Он многое сделал для сохранения Истории Авиации. А его книга про моторы у меня лежит в качестве настольного справочника.
Светлая память...

----------


## Алексей Коваль

Публикуется от имени Василия, и всех нас — авиационных энтузиастов и благодарных читателей.
----------------------------------------------------------------



*Памяти Владимира Котельникова
*
Мы познакомились с ним в 1989-м. Я уже тогда рисовал самолеты, а он намеревался издать книгу «Пикирующий бомбардировщик Пе-2». Ну, книгой это назвать — значит совершенно пренебречь скромностью — так, брошюрка на несколько листиков и на плохонькой бумаге. Но — так начиналось. Потом был журнал «Ас», потом «Мир Авиации», потом «Аэрохобби» (ставший позднее «Авиацией и Временем»). А дальше — не боги горшки обжигают — журналы стали издавать все, кому не лень. И Володя, как автор, почти никому не отказывал. При этом он ещё преподавал свои любимые поршневые двигатели на втором факультете МАИ. А ещё сидел в архивах.

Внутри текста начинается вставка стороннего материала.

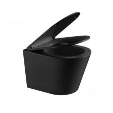 Унитаз подвесной Grossman GR-4478BMSQ (515х355х365) безободковый,черный матовый с тонкой крышкой,микролифт,смыв торнадо

Лёгкий в общении, смешливый, не жадный. Наше дело золотых гор не приносит, и он это понимал.

Не прерывая заседаний в архивах и выдачи многочисленный публикаций (теперь уже и за рубежом), возглавил лучшую, на мой взгляд, серию «Авиаколлекция МК».

Мы много работали вместе (он обращался ко мне, как иллюстратору), и я бранил его «старым пеньком» за непродвинутость в компьютерных делах, он смеялся, но пеньком быть не переставал.

Я ругал его за то, что задание он понял сильно по-своему (а это бывало практически всегда). Опять смеялись, типа он — художник, он так видит. Но! Тексты его всегда — на блистательном, внятном русском языке, требовавшие минимальной редактуры.


И вот 8 августа его не стало.
Теперь не поделиться с ним новостями.
Не поржать над чем-нибудь.
Не получить от него письма с подписью «Кот Ельников».
Жаль, очень жаль.
Но остаются его замечательные книги.

И память.


_Василий Золотов_

----------